» **What is expected**
After finding the line with "75 (Hameaux de", restate it and each remaining line of the material word for word, omitting every picture.

» **Data extract**

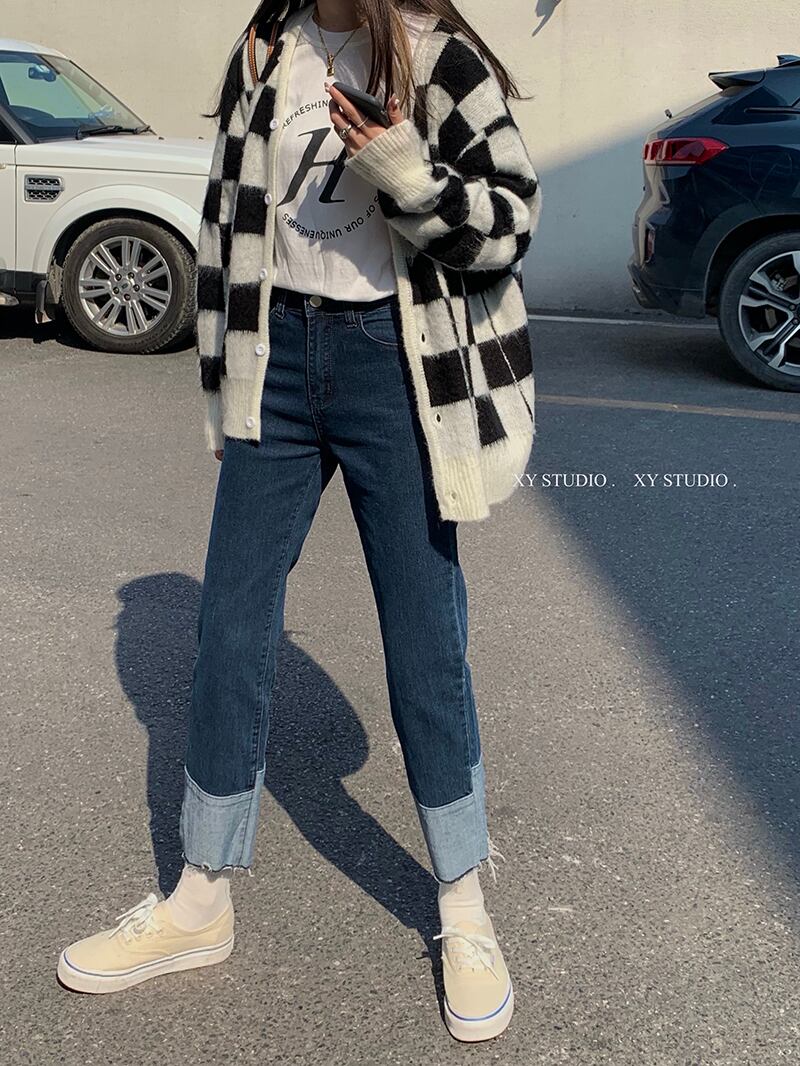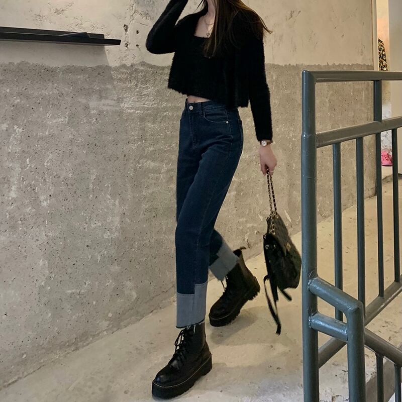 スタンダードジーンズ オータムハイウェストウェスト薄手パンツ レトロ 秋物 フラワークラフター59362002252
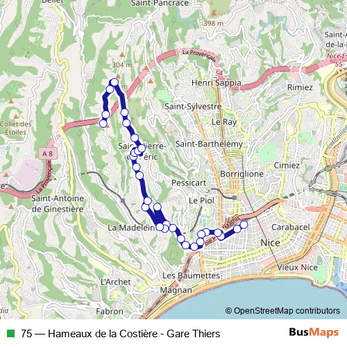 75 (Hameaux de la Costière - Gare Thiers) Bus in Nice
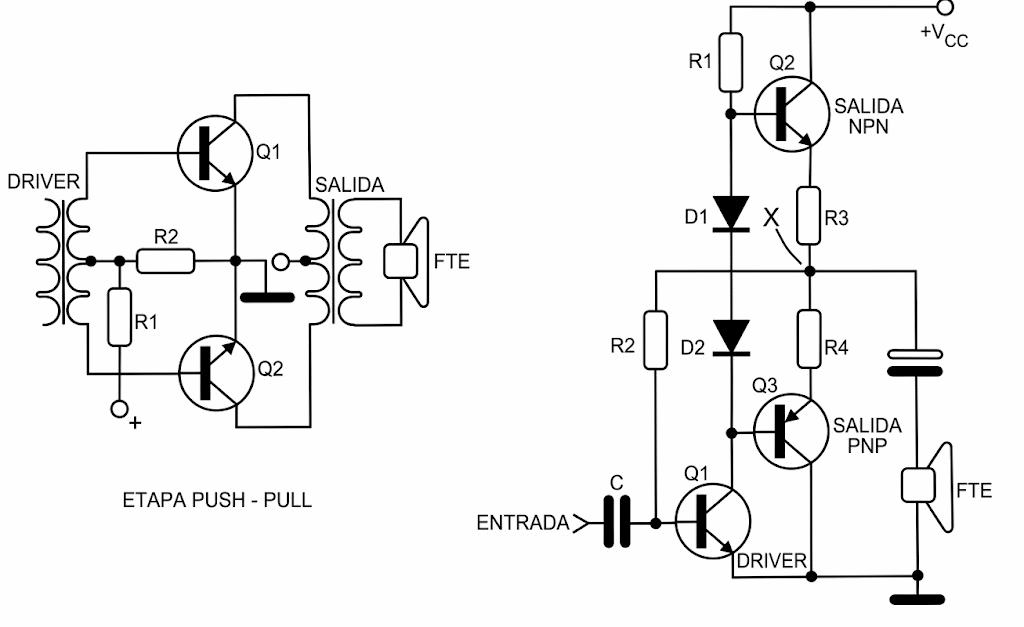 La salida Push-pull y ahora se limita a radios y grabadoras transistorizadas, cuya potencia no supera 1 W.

» **Exercise answer**
 75 (Hameaux de la Costière - Gare Thiers) Bus in Nice
 La salida Push-pull y ahora se limita a radios y grabadoras transistorizadas, cuya potencia no supera 1 W.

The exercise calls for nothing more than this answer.